+++ Data records
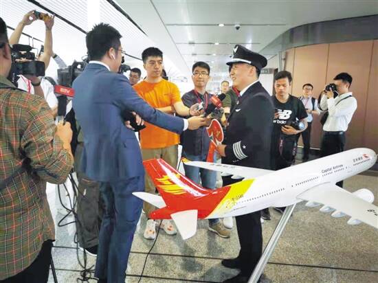 25日下午,大兴机场首航航班之一——首都航空“大兴号”A330客机运载百余名旅客,执行JD5778航班,从北京大兴国际机场起飞,飞往杭州萧山国际机场。巧的是,执飞机长的名字叫李大兴。当天,首都航空全彩绘宽体机“北京大兴号”正式亮相。“大兴号”由首都航空与北京大兴区政府合作喷绘,机身装饰有天安门、天坛、鸟巢、水立方等北京标志性建筑元素,寓意“新国门新大兴”在蔚蓝天际腾飞启航。
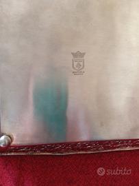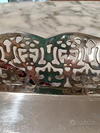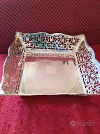 Ciotola in Sheffield intarsiata con bellissima lavorazione ai lati e all ' interno 25 cm. x 25 .
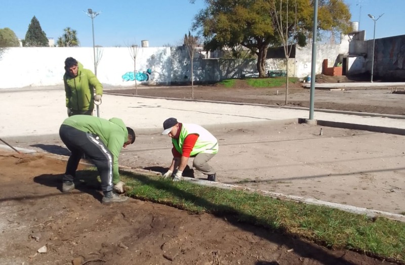 Personal de Espacios Verdes realiza la colocación de panes de césped en Plaza 25 de Mayo. Los mismos se extraen de Plaza Congreso de Tucumán, donde se están realizando veredas en sus laterales.
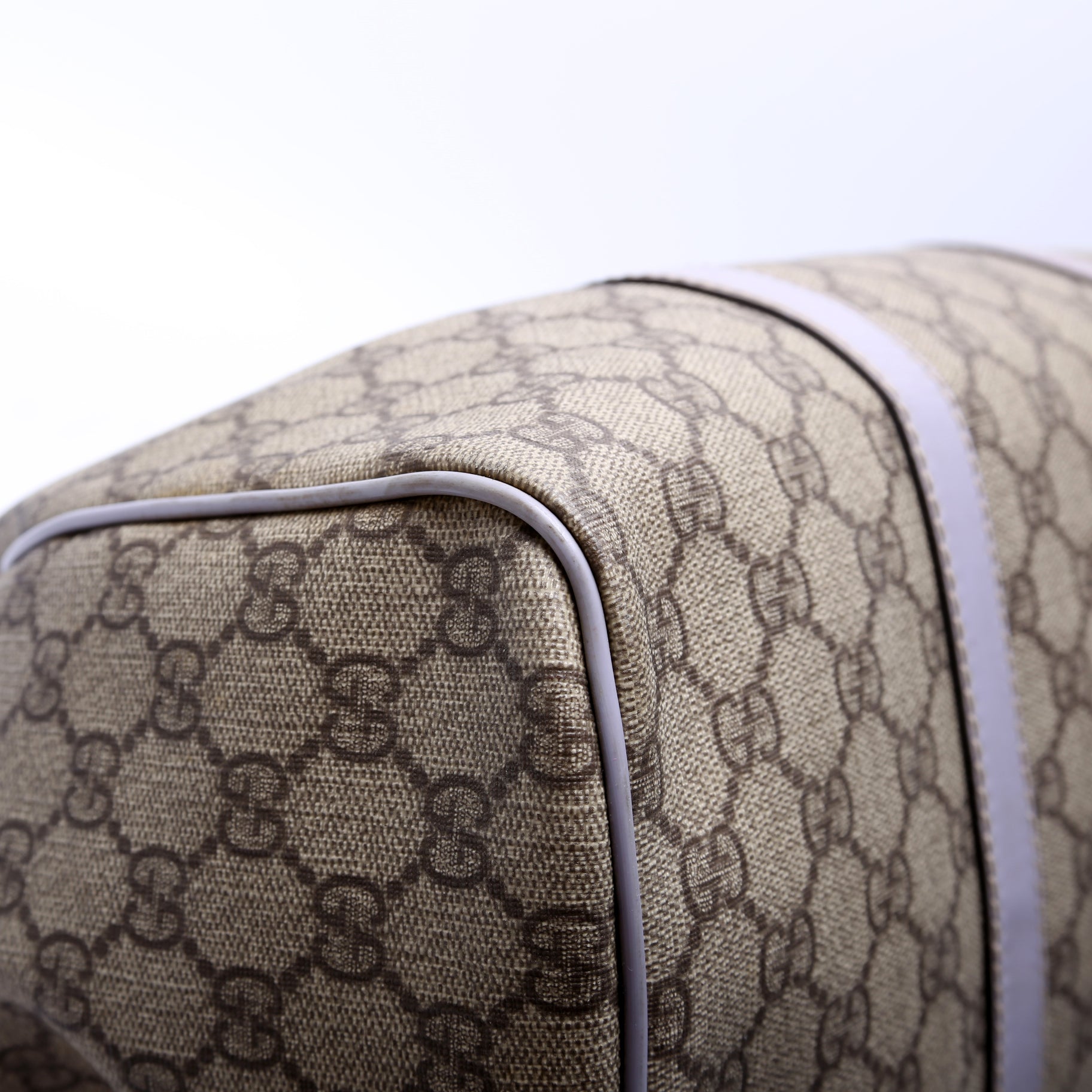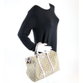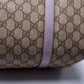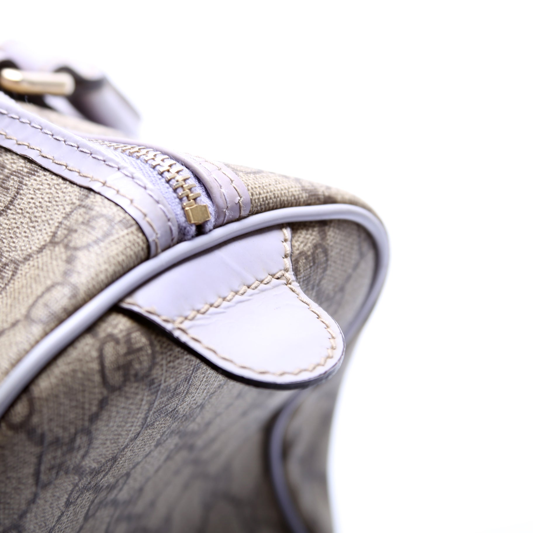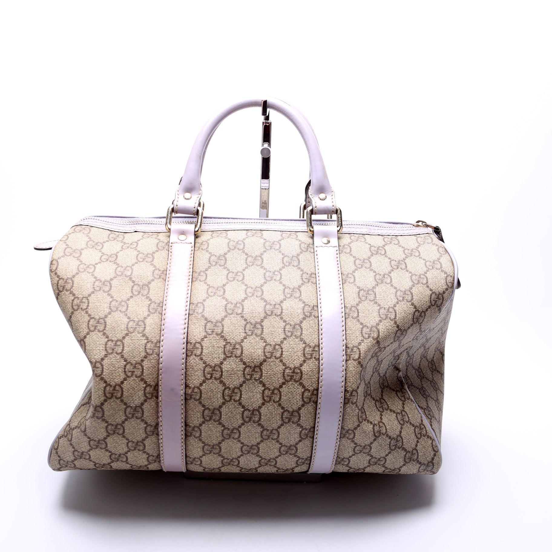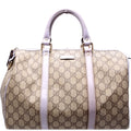 This Gucci Joy Boston Bagis eye catching bag. The exterior is in the classic Gucci GG coated canvas.
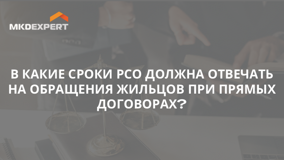 В многоквартирном доме собственники заключили прямые договоры. Читатель интересуется, в какие сроки РСО должна отвечать на обращения жильцов. Разбираемся в статье https://mkdexpert.com/publikatsii/v-kakie-sroki-rso-dolzhna-otvechat-na-obrashcheniya-zhiltsov-pri-pryamykh-dogovorakh/
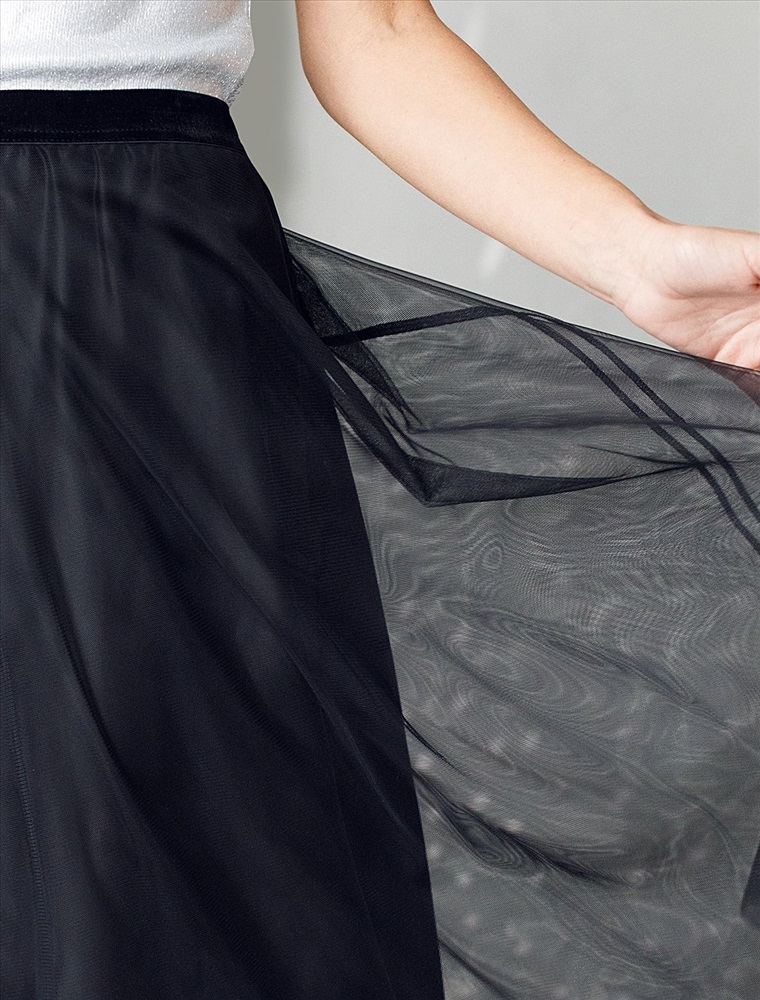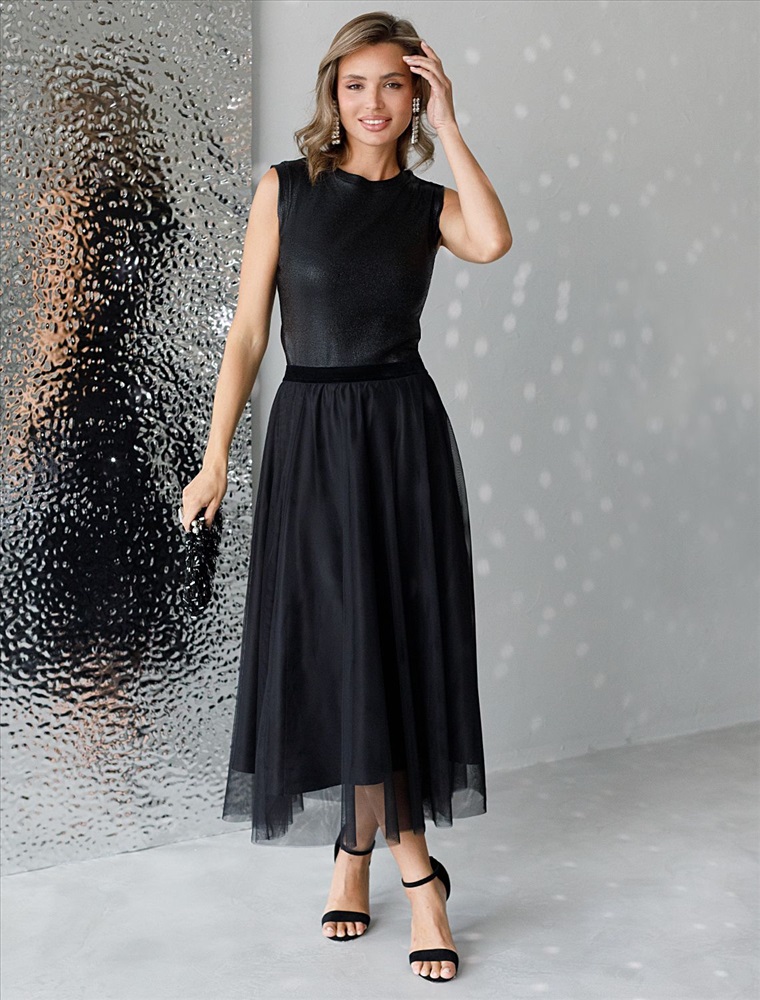 Юбка миди вечерняя на резинке из матового сатина с мягкой сеткой 7 фото
++++++
◆ **Exercise**
Exclude images. Return the data above verbatim.

◆ **Task result**
 25日下午,大兴机场首航航班之一——首都航空“大兴号”A330客机运载百余名旅客,执行JD5778航班,从北京大兴国际机场起飞,飞往杭州萧山国际机场。巧的是,执飞机长的名字叫李大兴。当天,首都航空全彩绘宽体机“北京大兴号”正式亮相。“大兴号”由首都航空与北京大兴区政府合作喷绘,机身装饰有天安门、天坛、鸟巢、水立方等北京标志性建筑元素,寓意“新国门新大兴”在蔚蓝天际腾飞启航。
 Ciotola in Sheffield intarsiata con bellissima lavorazione ai lati e all ' interno 25 cm. x 25 .
 Personal de Espacios Verdes realiza la colocación de panes de césped en Plaza 25 de Mayo. Los mismos se extraen de Plaza Congreso de Tucumán, donde se están realizando veredas en sus laterales.
 This Gucci Joy Boston Bagis eye catching bag. The exterior is in the classic Gucci GG coated canvas.
 В многоквартирном доме собственники заключили прямые договоры. Читатель интересуется, в какие сроки РСО должна отвечать на обращения жильцов. Разбираемся в статье https://mkdexpert.com/publikatsii/v-kakie-sroki-rso-dolzhna-otvechat-na-obrashcheniya-zhiltsov-pri-pryamykh-dogovorakh/
 Юбка миди вечерняя на резинке из матового сатина с мягкой сеткой 7 фото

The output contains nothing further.